Stored items from a collection

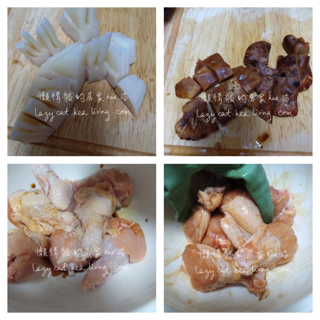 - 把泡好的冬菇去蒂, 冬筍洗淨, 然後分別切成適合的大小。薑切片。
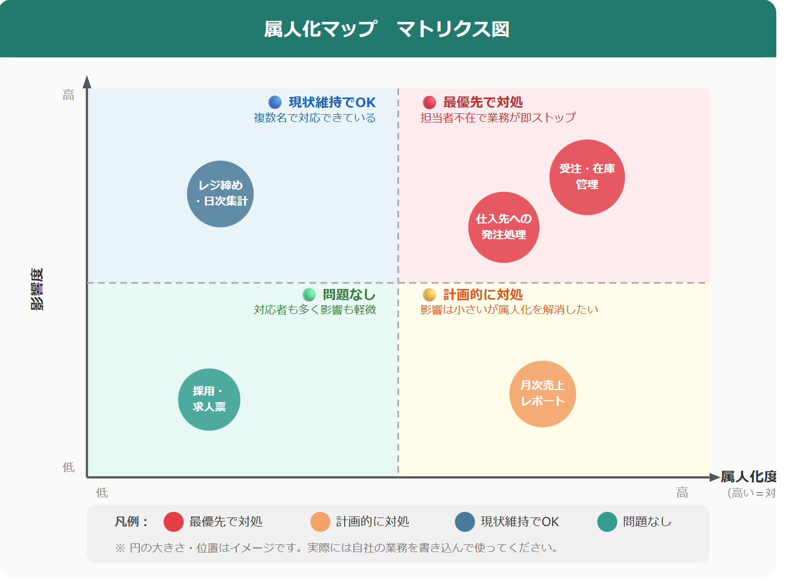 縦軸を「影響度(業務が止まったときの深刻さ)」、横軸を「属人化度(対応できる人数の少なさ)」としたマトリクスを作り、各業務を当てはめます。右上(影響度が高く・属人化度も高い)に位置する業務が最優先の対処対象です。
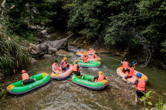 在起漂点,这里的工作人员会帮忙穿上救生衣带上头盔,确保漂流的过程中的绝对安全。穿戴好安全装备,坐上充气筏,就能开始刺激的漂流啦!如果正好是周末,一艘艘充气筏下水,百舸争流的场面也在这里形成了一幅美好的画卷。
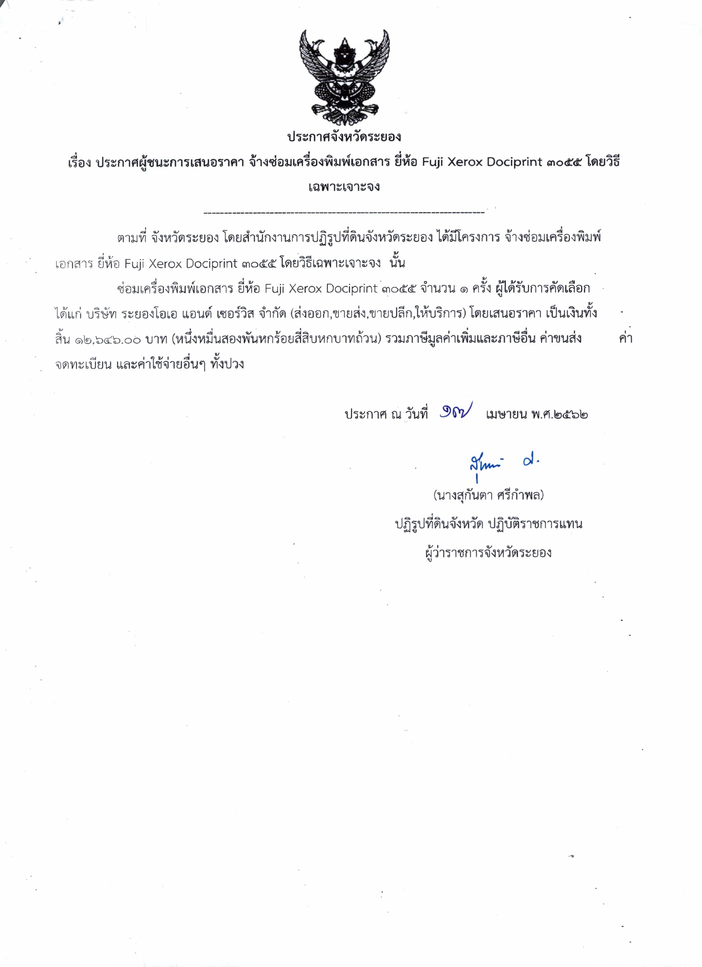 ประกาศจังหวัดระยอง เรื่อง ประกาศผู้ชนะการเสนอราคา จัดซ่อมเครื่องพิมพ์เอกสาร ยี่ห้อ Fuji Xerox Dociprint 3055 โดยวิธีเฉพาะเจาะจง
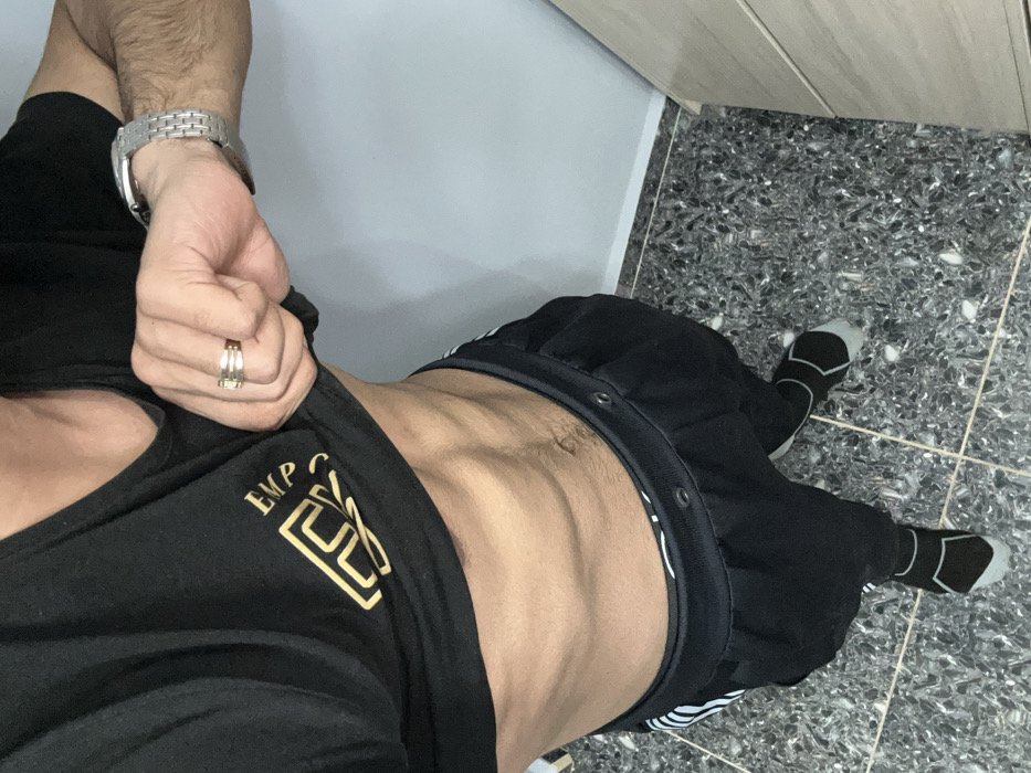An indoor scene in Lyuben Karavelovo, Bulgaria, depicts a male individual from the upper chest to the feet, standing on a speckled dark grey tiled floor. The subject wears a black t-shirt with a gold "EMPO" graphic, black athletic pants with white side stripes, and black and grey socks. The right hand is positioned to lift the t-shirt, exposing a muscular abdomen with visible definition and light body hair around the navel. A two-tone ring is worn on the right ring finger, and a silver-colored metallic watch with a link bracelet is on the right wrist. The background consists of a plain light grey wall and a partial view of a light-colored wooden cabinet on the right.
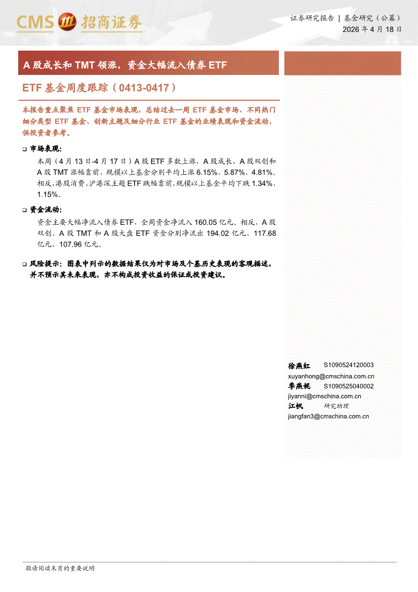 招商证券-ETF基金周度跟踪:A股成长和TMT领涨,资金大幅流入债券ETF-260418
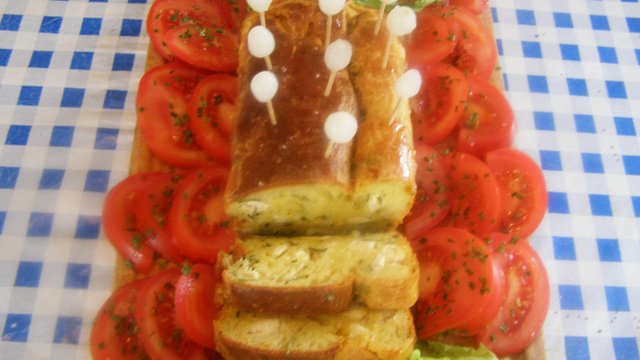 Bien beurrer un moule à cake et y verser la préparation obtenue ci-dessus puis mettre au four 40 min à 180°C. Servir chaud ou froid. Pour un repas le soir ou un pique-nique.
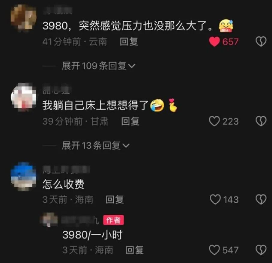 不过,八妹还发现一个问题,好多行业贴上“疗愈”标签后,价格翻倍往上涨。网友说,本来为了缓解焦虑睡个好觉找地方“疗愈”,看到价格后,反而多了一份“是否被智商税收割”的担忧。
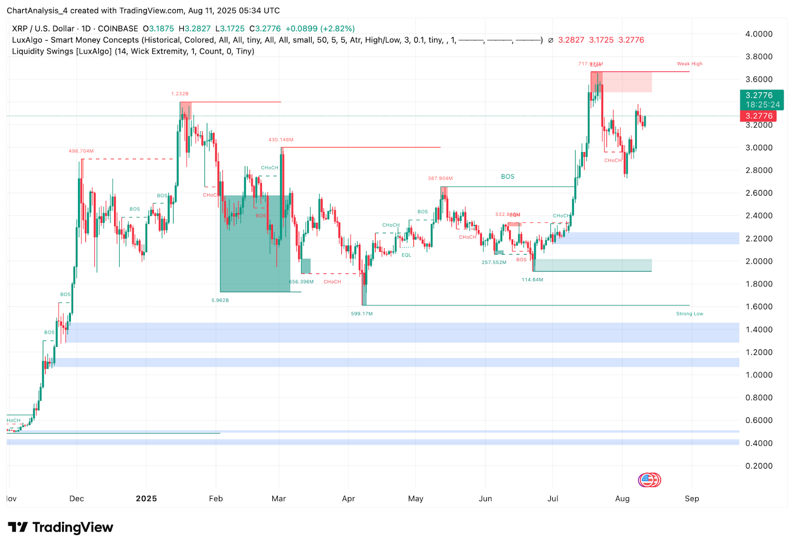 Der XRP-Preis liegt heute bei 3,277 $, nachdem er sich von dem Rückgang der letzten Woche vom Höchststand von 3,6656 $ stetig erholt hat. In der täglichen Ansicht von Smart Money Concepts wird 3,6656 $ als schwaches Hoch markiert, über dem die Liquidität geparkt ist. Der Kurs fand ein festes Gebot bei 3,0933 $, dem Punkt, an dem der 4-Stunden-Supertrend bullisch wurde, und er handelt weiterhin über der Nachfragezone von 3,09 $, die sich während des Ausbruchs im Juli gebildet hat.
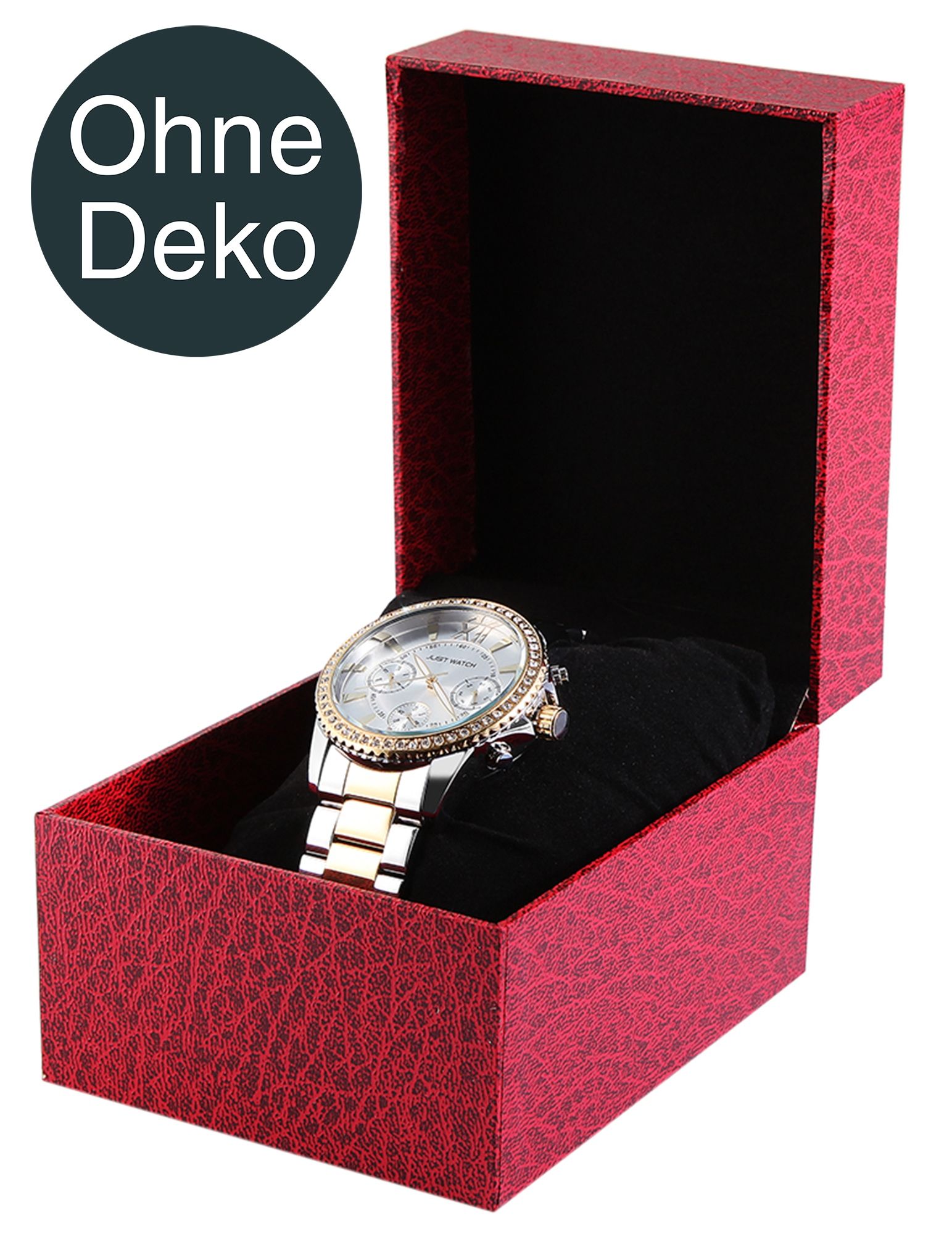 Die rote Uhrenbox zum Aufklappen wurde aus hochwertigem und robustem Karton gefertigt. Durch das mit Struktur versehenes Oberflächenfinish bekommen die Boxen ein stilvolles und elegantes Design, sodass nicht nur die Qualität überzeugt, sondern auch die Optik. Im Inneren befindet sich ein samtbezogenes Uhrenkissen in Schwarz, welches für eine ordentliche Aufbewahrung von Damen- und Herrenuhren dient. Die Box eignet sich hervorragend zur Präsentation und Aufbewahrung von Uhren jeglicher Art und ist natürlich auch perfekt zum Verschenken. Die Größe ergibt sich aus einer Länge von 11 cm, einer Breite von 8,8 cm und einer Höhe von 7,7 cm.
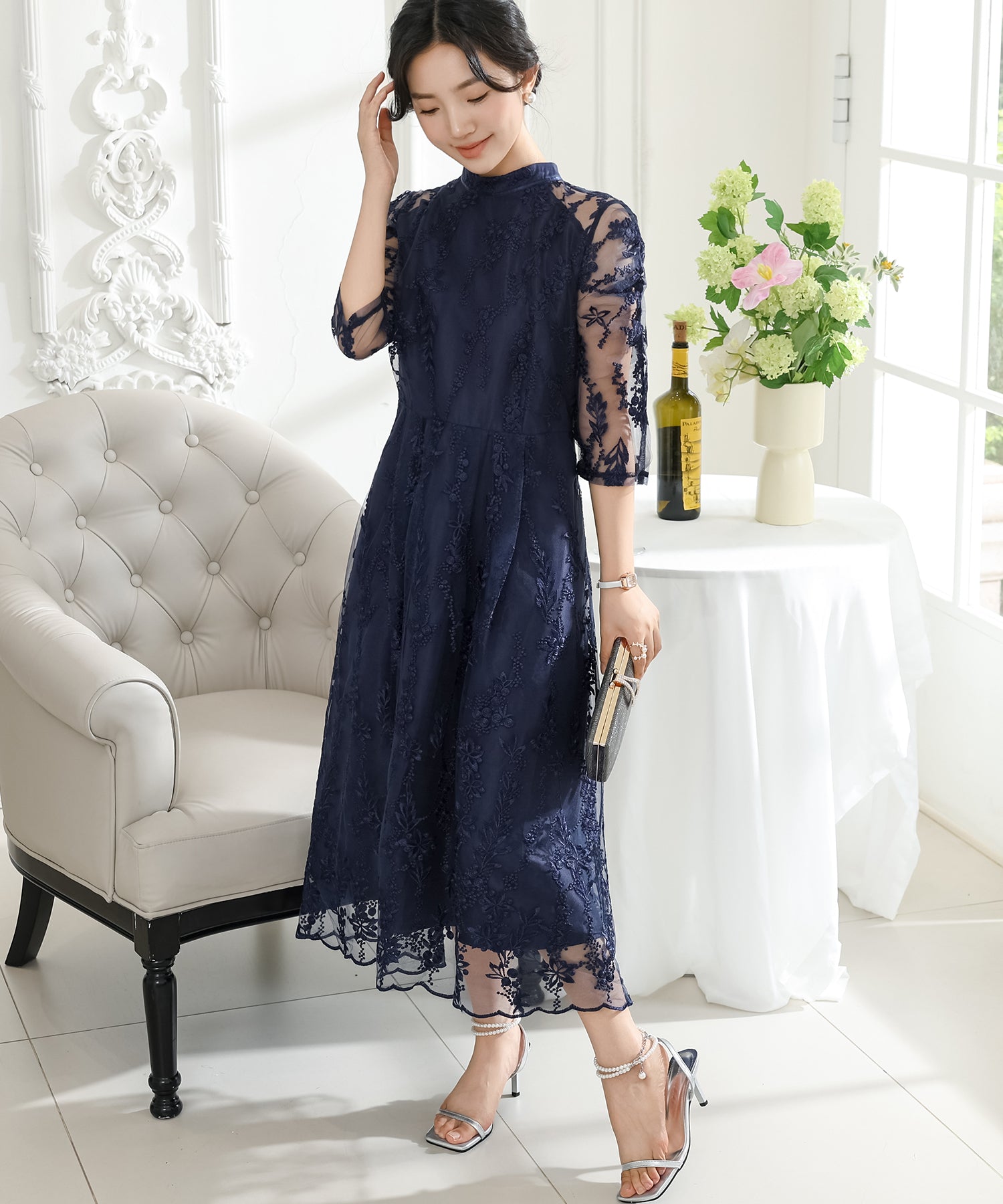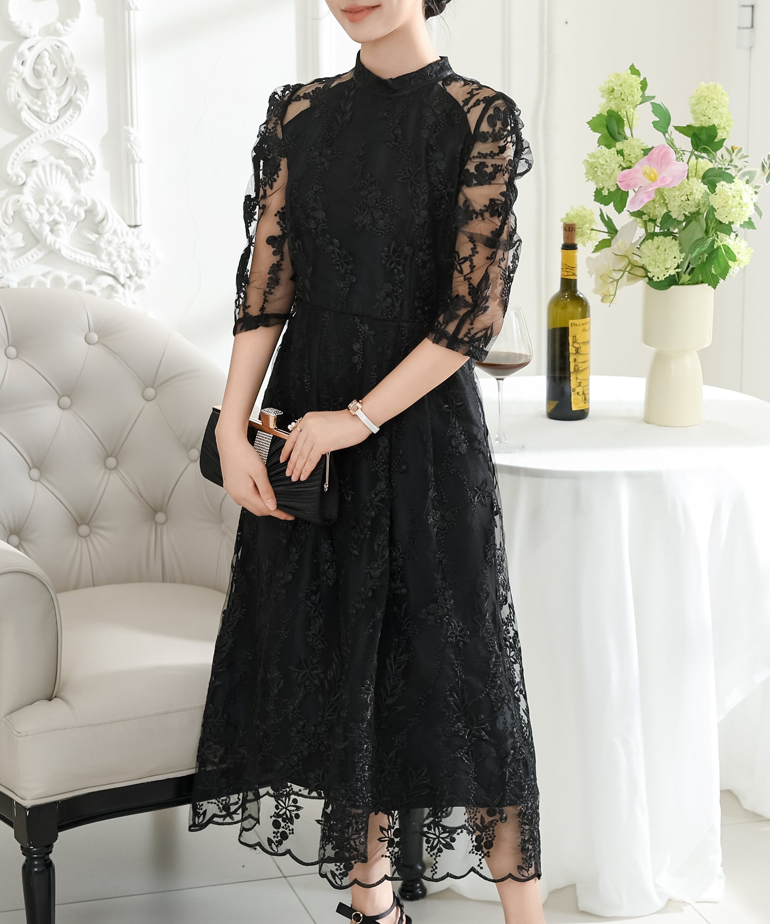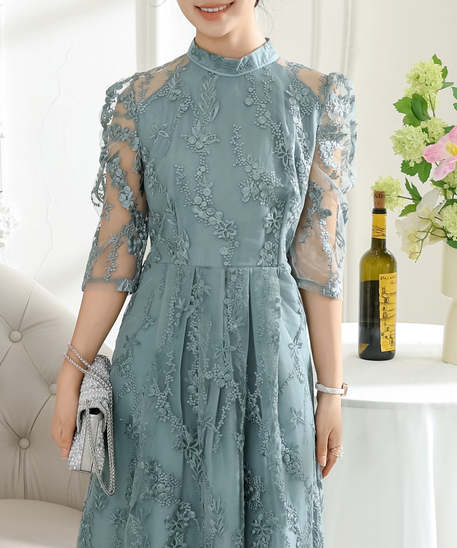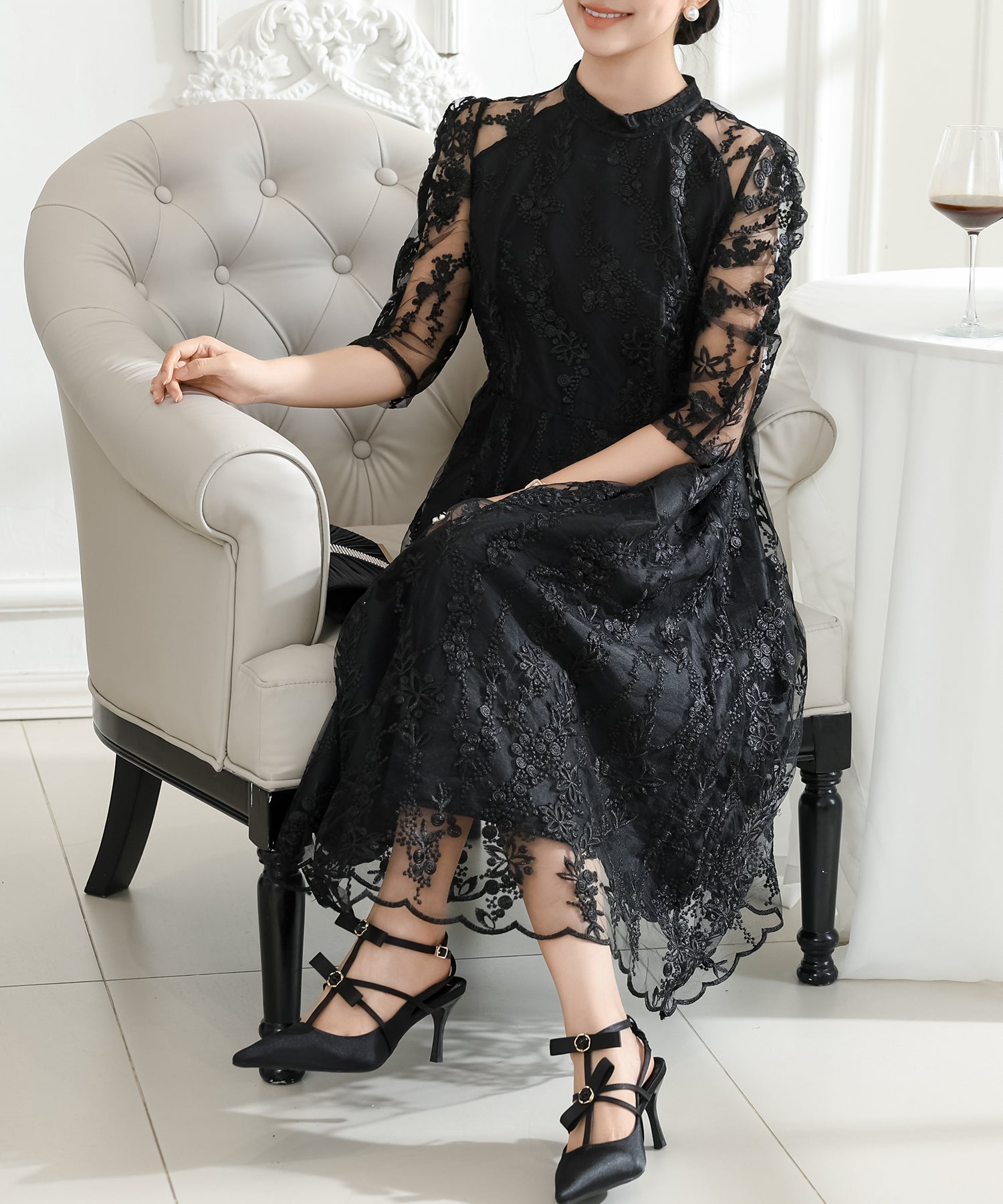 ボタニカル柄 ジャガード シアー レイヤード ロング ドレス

### [Try it]
For each line above, output its wording exactly and leave out any picture.

### [Output for this task]
 - 把泡好的冬菇去蒂, 冬筍洗淨, 然後分別切成適合的大小。薑切片。
 縦軸を「影響度(業務が止まったときの深刻さ)」、横軸を「属人化度(対応できる人数の少なさ)」としたマトリクスを作り、各業務を当てはめます。右上(影響度が高く・属人化度も高い)に位置する業務が最優先の対処対象です。
 在起漂点,这里的工作人员会帮忙穿上救生衣带上头盔,确保漂流的过程中的绝对安全。穿戴好安全装备,坐上充气筏,就能开始刺激的漂流啦!如果正好是周末,一艘艘充气筏下水,百舸争流的场面也在这里形成了一幅美好的画卷。
 ประกาศจังหวัดระยอง เรื่อง ประกาศผู้ชนะการเสนอราคา จัดซ่อมเครื่องพิมพ์เอกสาร ยี่ห้อ Fuji Xerox Dociprint 3055 โดยวิธีเฉพาะเจาะจง
An indoor scene in Lyuben Karavelovo, Bulgaria, depicts a male individual from the upper chest to the feet, standing on a speckled dark grey tiled floor. The subject wears a black t-shirt with a gold "EMPO" graphic, black athletic pants with white side stripes, and black and grey socks. The right hand is positioned to lift the t-shirt, exposing a muscular abdomen with visible definition and light body hair around the navel. A two-tone ring is worn on the right ring finger, and a silver-colored metallic watch with a link bracelet is on the right wrist. The background consists of a plain light grey wall and a partial view of a light-colored wooden cabinet on the right.
 招商证券-ETF基金周度跟踪:A股成长和TMT领涨,资金大幅流入债券ETF-260418
 Bien beurrer un moule à cake et y verser la préparation obtenue ci-dessus puis mettre au four 40 min à 180°C. Servir chaud ou froid. Pour un repas le soir ou un pique-nique.
 不过,八妹还发现一个问题,好多行业贴上“疗愈”标签后,价格翻倍往上涨。网友说,本来为了缓解焦虑睡个好觉找地方“疗愈”,看到价格后,反而多了一份“是否被智商税收割”的担忧。
 Der XRP-Preis liegt heute bei 3,277 $, nachdem er sich von dem Rückgang der letzten Woche vom Höchststand von 3,6656 $ stetig erholt hat. In der täglichen Ansicht von Smart Money Concepts wird 3,6656 $ als schwaches Hoch markiert, über dem die Liquidität geparkt ist. Der Kurs fand ein festes Gebot bei 3,0933 $, dem Punkt, an dem der 4-Stunden-Supertrend bullisch wurde, und er handelt weiterhin über der Nachfragezone von 3,09 $, die sich während des Ausbruchs im Juli gebildet hat.
 Die rote Uhrenbox zum Aufklappen wurde aus hochwertigem und robustem Karton gefertigt. Durch das mit Struktur versehenes Oberflächenfinish bekommen die Boxen ein stilvolles und elegantes Design, sodass nicht nur die Qualität überzeugt, sondern auch die Optik. Im Inneren befindet sich ein samtbezogenes Uhrenkissen in Schwarz, welches für eine ordentliche Aufbewahrung von Damen- und Herrenuhren dient. Die Box eignet sich hervorragend zur Präsentation und Aufbewahrung von Uhren jeglicher Art und ist natürlich auch perfekt zum Verschenken. Die Größe ergibt sich aus einer Länge von 11 cm, einer Breite von 8,8 cm und einer Höhe von 7,7 cm.
 ボタニカル柄 ジャガード シアー レイヤード ロング ドレス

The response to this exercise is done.